G20 – Viola Davis Wields Grit, Gravitas, and Gunfire in a Glossy Shadow of Blockbusters Past
Release Date : 10 Apr 2025
G20 is less a presidential thriller than a high-budget cosplay of one.
Director: Patricia Riggen
Writers: Caitlin Parrish & Erica Weiss and Logan Miller & Noah Miller
Starring: Viola Davis, Anthony Anderson, Marsai Martin, Ramón Rodríguez, Douglas Hodge, Elizabeth Marvel, Sabrina Impacciatore, Christopher Farrar, Antony Starr
Stars : 2.5
In G20, Viola Davis stars as President Danielle Sutton, a wartime hero turned reluctant action star, thrust into the center of a hostage crisis at an international summit. It’s a setup that knowingly echoes Air Force One, Olympus Has Fallen, and the pantheon of political-action thrillers where heads of state become unexpected saviors. But in this post-truth, post-glory era of entertainment, G20 doesn’t so much reinvent the formula as it runs it through a streaming-era filter—glossy, loud, and oddly hollow.
Directed by Patricia Riggen, G20 opens with promise. A global conference in Cape Town turns violent as a mercenary-led siege unfolds, and President Sutton—accompanied by her bickering First Family—is forced into survival mode. There’s a vest, a pistol, some bruising hand-to-hand combat, and the inevitable speech about courage. In lesser hands, this setup would be a disaster. But Viola Davis, even when the material barely supports her, never phones it in. She smolders with purpose, balancing physical tenacity with presidential steel, and gives her character a core of earned emotional depth. If G20 has a heartbeat, it’s hers.
And yet, the movie seems confused about its own pulse. It flirts with satire but won’t commit. It drops hints of socio-political commentary—deepfake disinformation, crypto-funded chaos, vague nods to systemic inequality—but treats them like window dressing. What could’ve been a sharp, timely thriller ends up chasing cliché with a straight face. The villain, played with twitchy menace by Antony Starr, is a cardboard cutout from the International Terrorist Starter Pack, and his motivations are so muddled they collapse under even basic scrutiny.
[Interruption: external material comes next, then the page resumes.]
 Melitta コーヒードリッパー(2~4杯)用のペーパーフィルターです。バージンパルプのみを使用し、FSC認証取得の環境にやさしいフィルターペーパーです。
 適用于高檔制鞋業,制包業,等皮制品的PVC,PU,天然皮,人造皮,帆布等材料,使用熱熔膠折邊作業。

The action is kinetic but inconsistent. A few standout beats—a hallway fight lit by flickering chandeliers, a cheeky “Let’s dance, Madame President” one-liner before a brawl—remind you that Riggen has an eye for theatrical flair. But for every inspired moment, there are clunky cuts, unmotivated camera moves, and a lack of spatial clarity. It’s action choreography by algorithm—never quite incoherent, but rarely exhilarating.
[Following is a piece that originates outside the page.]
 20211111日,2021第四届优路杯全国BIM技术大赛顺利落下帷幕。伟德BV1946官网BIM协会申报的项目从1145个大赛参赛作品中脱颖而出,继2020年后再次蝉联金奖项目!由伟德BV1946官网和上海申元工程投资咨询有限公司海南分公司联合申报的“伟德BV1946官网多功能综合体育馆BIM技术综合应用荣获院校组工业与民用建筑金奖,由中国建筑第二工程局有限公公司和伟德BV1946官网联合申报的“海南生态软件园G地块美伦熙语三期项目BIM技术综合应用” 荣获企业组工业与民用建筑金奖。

There’s also a nagging sense that G20 wants to be more iconic than it is. Scenes linger just long enough to imply they were imagined as GIFs and trailer fodder. Davis slipping on red sneakers beneath a torn presidential gown? That’s a marketing pitch, not a plot beat. Teen daughter turned ace hacker? Check. Comic-relief foreign leaders? Check. A snipey press corps and noble Secret Service agent with a hidden crush? Check and check. Every trope is present, but none are reinvented.
What’s more interesting—if accidental—is what G20 reveals about the state of the action genre in the streaming age. This isn’t a blockbuster so much as the memory of one, stitched together with glossy production and familiar faces, meant to be half-watched on a Thursday night. It gestures toward gravitas while winking at its own absurdity, but never lands fully in camp or sincerity. It doesn’t challenge or thrill; it mimics.
Still, Davis is a force. Even in a film this formulaic, she commands every frame. There’s dignity in her performance, even as the plot flounders around her. If Widows and The Woman King allowed her to redefine what an action heroine could be, G20 is content to simply let her play dress-up in the genre’s old clothes. She elevates every line, every glance, every standoff—but she can’t rescue the film from its own middling ambitions.
G20 is less a presidential thriller than a high-budget cosplay of one. Viola Davis brings credibility and commitment to a movie that only occasionally deserves her. For fans of throwback action or Davis completists, it might scratch an itch. For everyone else, it’s a reminder that even the strongest actors can only do so much when the story is running on fumes.